Breaking up from a very long relationship is certainly something traumatic, last night you're both so in love and happy and tonight whenever you bump into each other, the first thing you wanna do is take a gun and shoot your ex right in the head. At least I do. Its hard for you to trust guys again, and all you do is make fun of love, not believing on happy endings and you became cold hearted, nothing makes you cry no more and nothing flatters you. You have this so much hatred in your heart. Your guards are up, cause all you do is trying to protect your heart from being hurt again. Hm, I say, putting your guards up will definitely not gonna break your heart but it sure doesn't make you happy either. You're just left alone between being happy and gleeful or being sad and miserable. You just went numb.
But you know, break ups are painful but sometimes all you need is a temporary heart breaks than a permanent one. One of the many reason how I went through the break up dengan jayanya is certainly cause of the fear of getting hurt and hurting someone. Of course with a lot of distractions and maturity in dealing with it all along.

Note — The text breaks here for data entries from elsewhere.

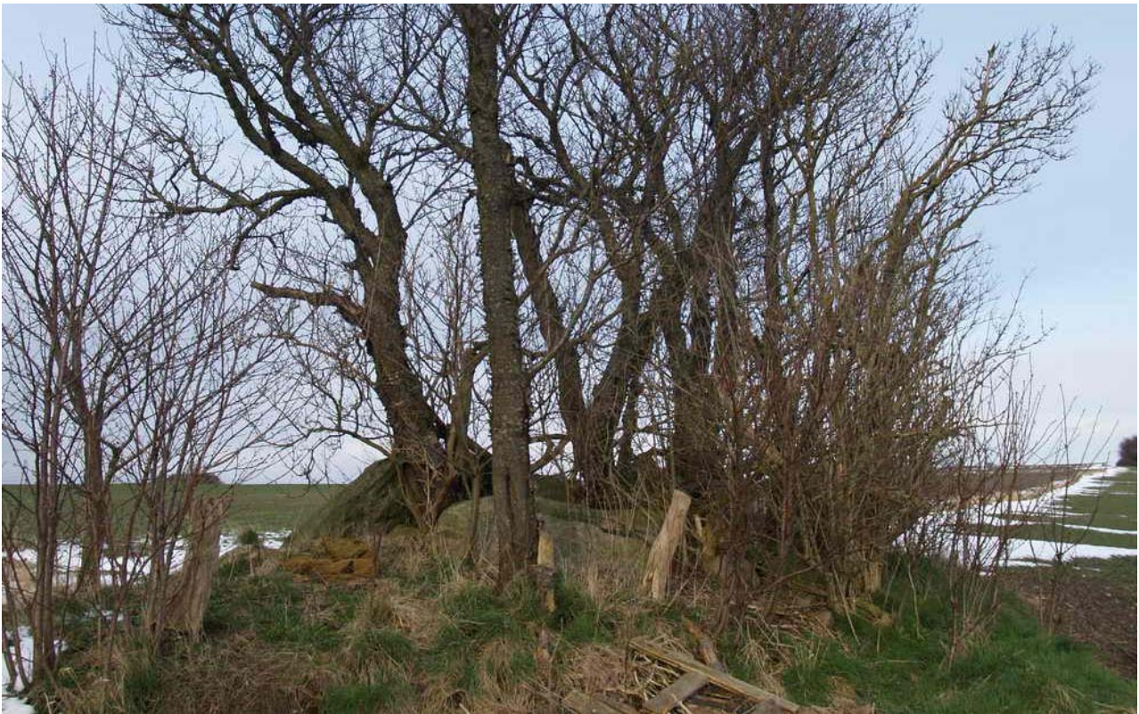
Runddysse med kammer af 5 bæresten og en væltet dæksten. 11 x 6 x 1 m

Fredningsnummer 322610 Sognebeskrivelse 020607-24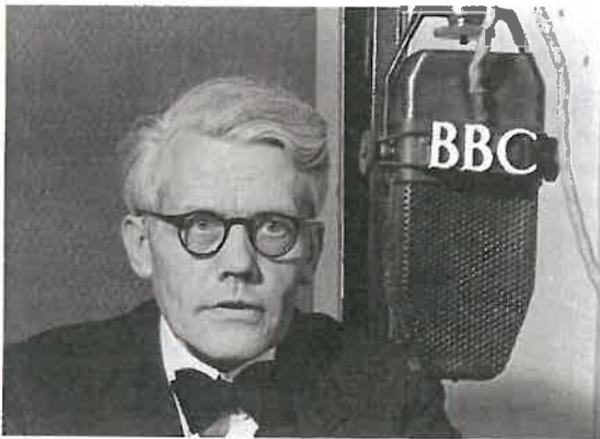
Christmas Møller (1894-1948). Den konservative leder flygtede til England i 1942 og blev her som leder af Det danske Råd i London en nøgleperson i modstandsbevægelsen. Gennem BBC opfordrede han den danske befolkning til aktiv modstand mod besættelsesmagten. Han vendte hjem som helt og blev udenrigsminister i befitelsesregeringen. Mistilliden mellem samarbejdspolitikere og modstandsfolk var dog stor, og Christmas Møller kom i et stigende modsætningsforhold til sit parti. Det kom til et brud fremkaldt af det sønderjyske spørgsmål. Borgerlige kredse med Venstres statsminister Knud Kristensen i spidsen ønskede at udnytte stemningen i det nederlagshærgede Tyskland til en ny grænserevision. Christmas Møller var stærkt imod, og ved valget i 1947 opstillede han (tilmed i Sønderjylland!) uden for partierne, men blev ikke valgt.

givet sit omfattende bidrag til den tyske krigsførelse. Danmark havde for tyskerne været en flødeskumsfront, og ingen steder i Europa havde man levet så godt i perioden som i Danmark. De danske tabstal i "modstandskampen" (henrettede modstandsfolk, forliste søfolk og faldne i kamp) var forrygende små i europæisk sammenhæng, og ganske vist kom mange danskere i koncentrationslejre, men også her fik danskerne positiv særbehandling, og langt de fleste overlevede. Den store hjælpeaktion over for jøderne var slet ikke så imponerende endda. Man havde fået et tysk tip på forhånd, og mange skippere tog sig desuden særdeles godt betalt for at sejle jøderne over til Sverige. Og før krigsudbruddet havde Danmark nægtet at modtage og havde i nogle tilfælde endda returneret flygtende jøder til Nazityskland. Efter krigens afslutning havde Danmark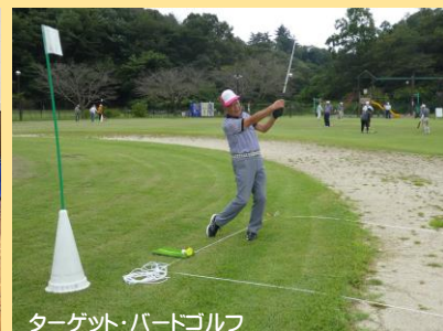
ターゲット・バードゴルフ

Rebound, people say finding someone else to accompany you through that so called mourning period will in a way helps you to go through it. I say, you are not gonna be happy unless you know how to make yourself happy on your own. Depending on people to make me happy is a no, one of the major lesson I got from my past relationship. See, when I love someone, I love him good. In some ways my past relationship has turned me into a dependent girl, its hard for me to be happy on my own. When my relationship is in good terms, higher chances you'll be seeing a sweet smile carved on my face, if not, expects a frown all day. This is not entirely true though, cause I'm rather a happy go lucky kind of person, in some extend it is. Rebound girl/guy on post break ups is a definite No. You're not gonna break someone's heart after you just broke one right? Have a heart people.
Well what am I ranting on and on without going anywhere. Just bits of the lessons I learn from my past, and that's it. Nothing much. Hm k bye.